╔══

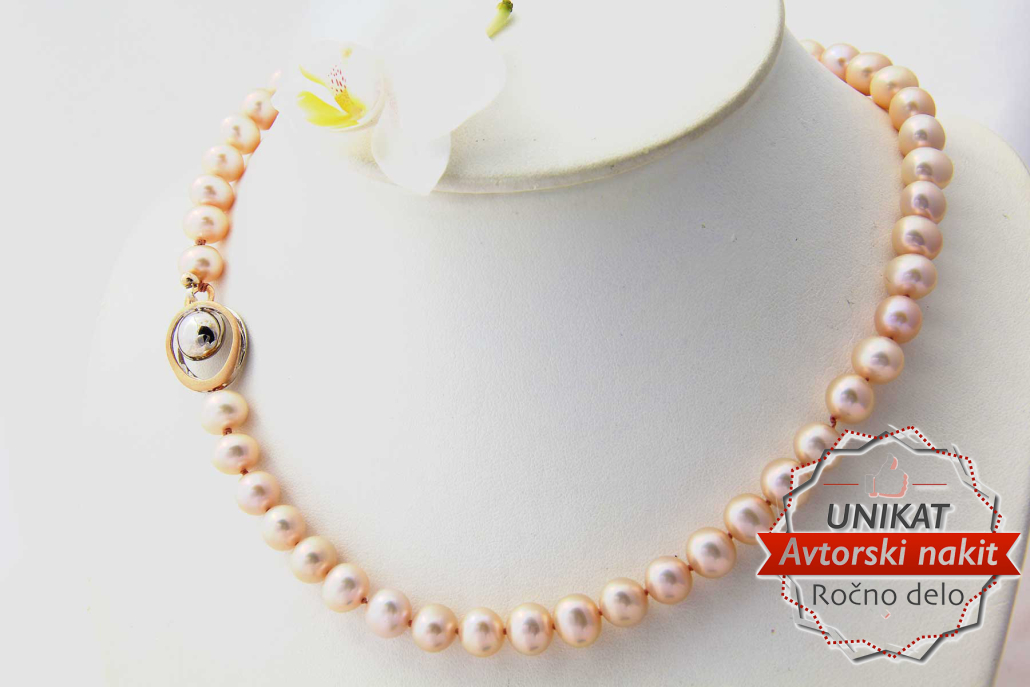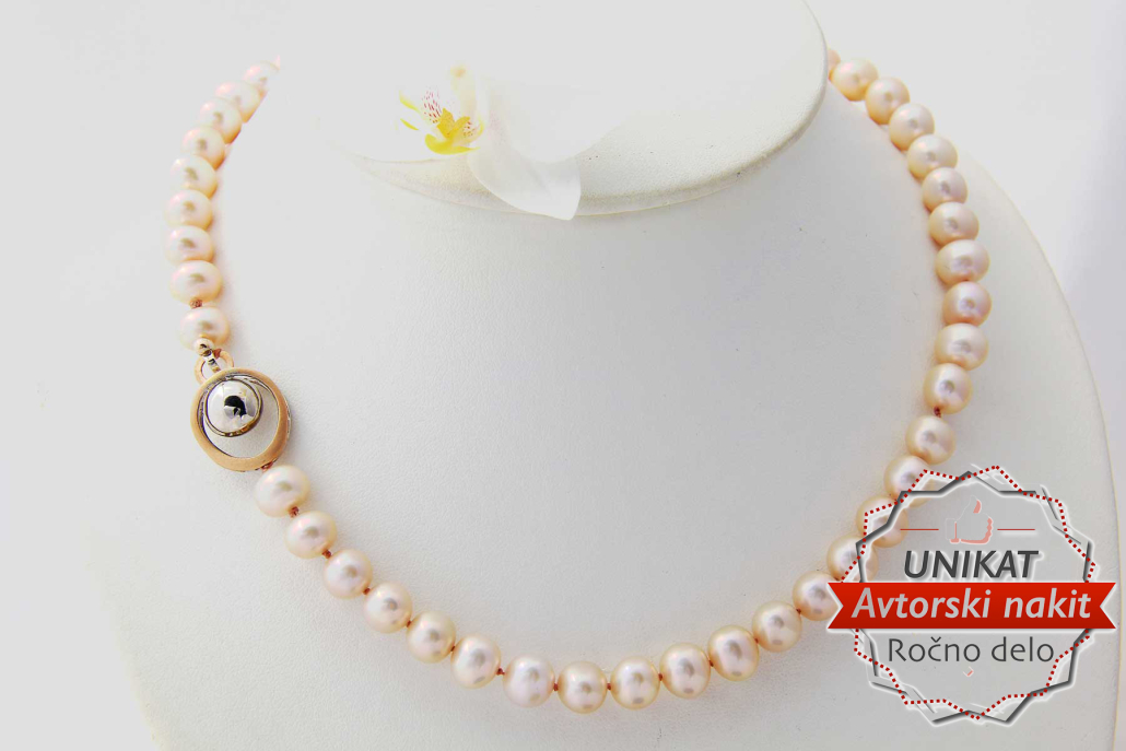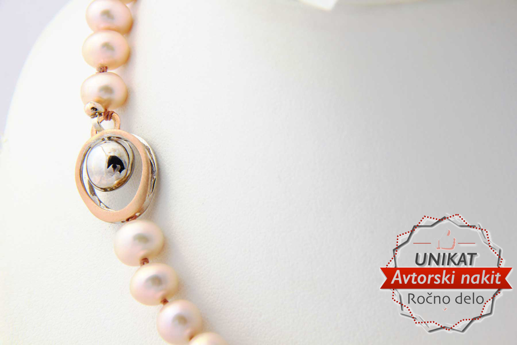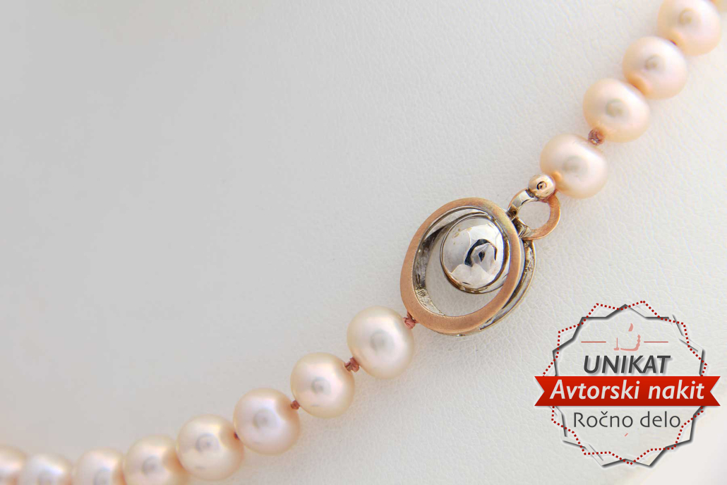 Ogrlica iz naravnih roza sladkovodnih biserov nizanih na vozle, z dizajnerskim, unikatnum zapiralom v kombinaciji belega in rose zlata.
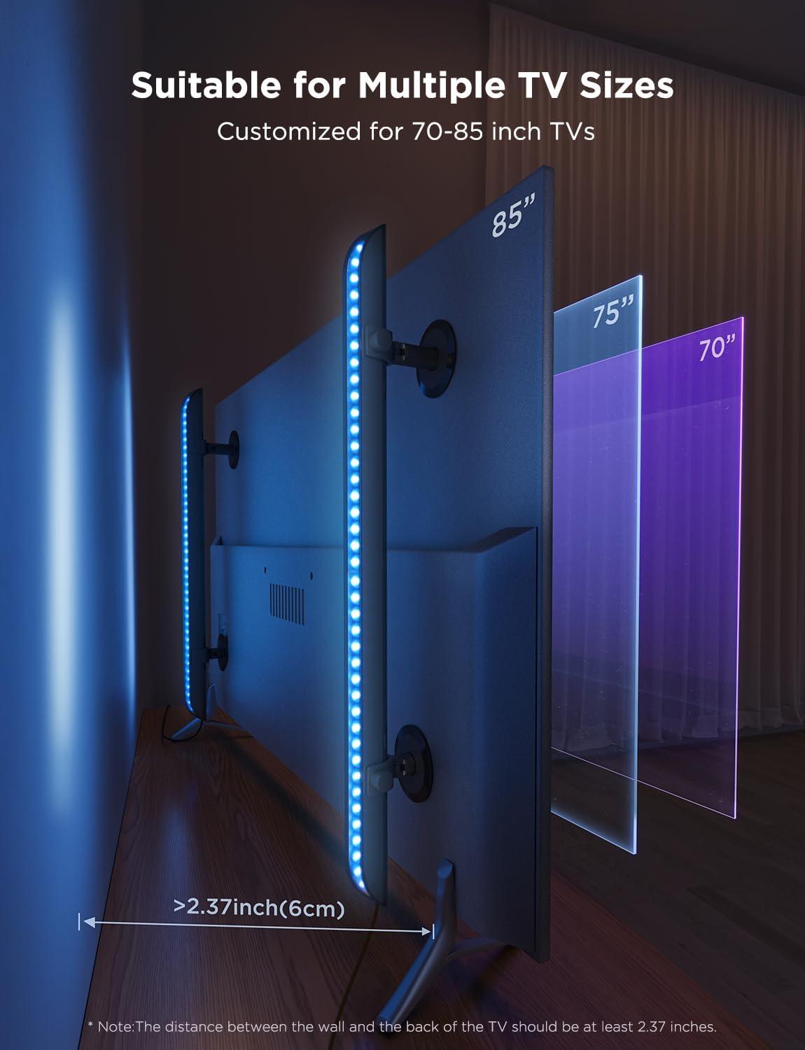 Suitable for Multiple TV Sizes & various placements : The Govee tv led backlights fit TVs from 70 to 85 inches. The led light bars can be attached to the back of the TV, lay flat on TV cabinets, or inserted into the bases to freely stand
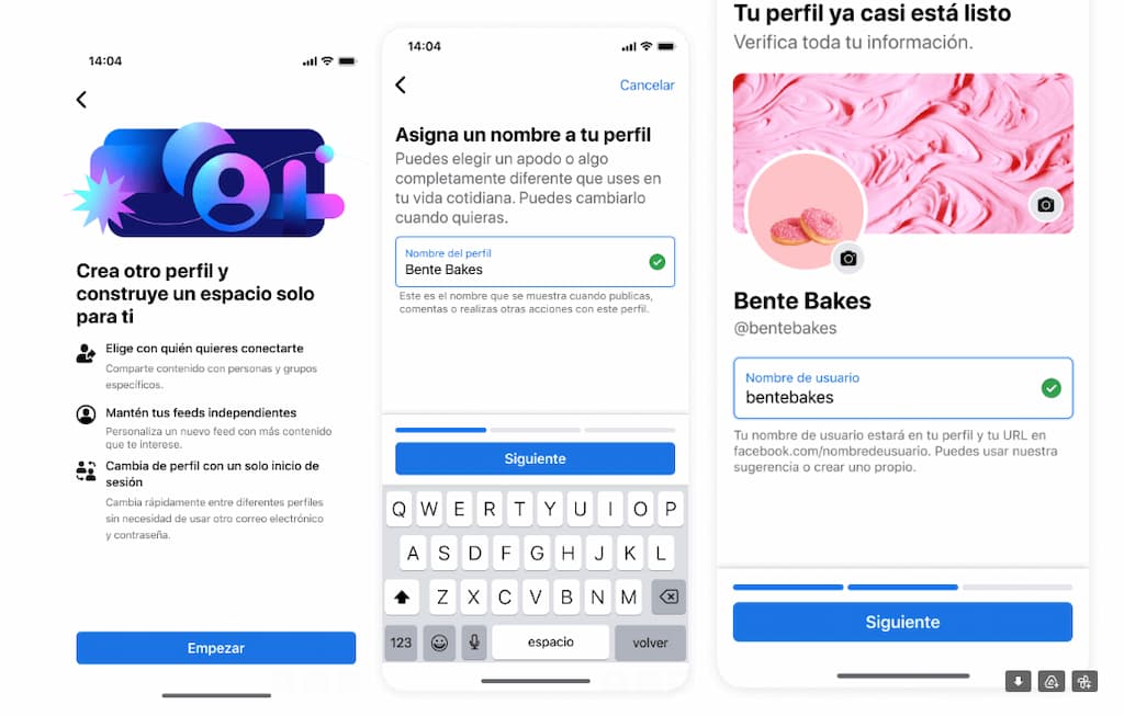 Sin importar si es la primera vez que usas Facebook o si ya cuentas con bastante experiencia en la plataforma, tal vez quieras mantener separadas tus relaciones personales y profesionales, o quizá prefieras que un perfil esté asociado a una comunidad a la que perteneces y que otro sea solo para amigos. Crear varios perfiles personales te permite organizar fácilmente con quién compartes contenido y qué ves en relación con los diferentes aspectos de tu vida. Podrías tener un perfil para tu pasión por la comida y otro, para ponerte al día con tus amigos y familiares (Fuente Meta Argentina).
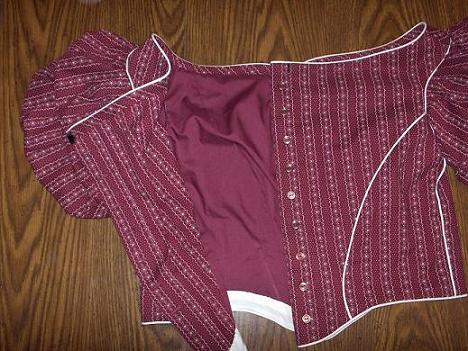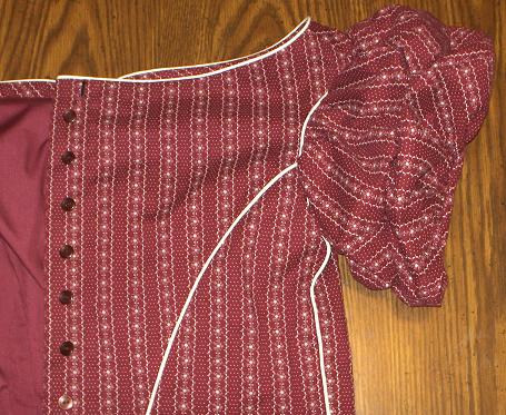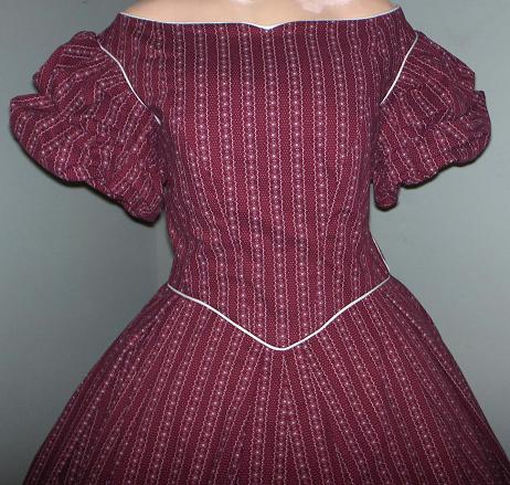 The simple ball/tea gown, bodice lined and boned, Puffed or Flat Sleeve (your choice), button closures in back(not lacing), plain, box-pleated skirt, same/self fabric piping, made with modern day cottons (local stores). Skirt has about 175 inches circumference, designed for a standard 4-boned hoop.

╚══

WORK ITEM :: Quote the full listing above word for word; exclude every picture from the copy.

SOLUTION TO THIS EXERCISE ::
 Ogrlica iz naravnih roza sladkovodnih biserov nizanih na vozle, z dizajnerskim, unikatnum zapiralom v kombinaciji belega in rose zlata.
 Suitable for Multiple TV Sizes & various placements : The Govee tv led backlights fit TVs from 70 to 85 inches. The led light bars can be attached to the back of the TV, lay flat on TV cabinets, or inserted into the bases to freely stand
 Sin importar si es la primera vez que usas Facebook o si ya cuentas con bastante experiencia en la plataforma, tal vez quieras mantener separadas tus relaciones personales y profesionales, o quizá prefieras que un perfil esté asociado a una comunidad a la que perteneces y que otro sea solo para amigos. Crear varios perfiles personales te permite organizar fácilmente con quién compartes contenido y qué ves en relación con los diferentes aspectos de tu vida. Podrías tener un perfil para tu pasión por la comida y otro, para ponerte al día con tus amigos y familiares (Fuente Meta Argentina).
 The simple ball/tea gown, bodice lined and boned, Puffed or Flat Sleeve (your choice), button closures in back(not lacing), plain, box-pleated skirt, same/self fabric piping, made with modern day cottons (local stores). Skirt has about 175 inches circumference, designed for a standard 4-boned hoop.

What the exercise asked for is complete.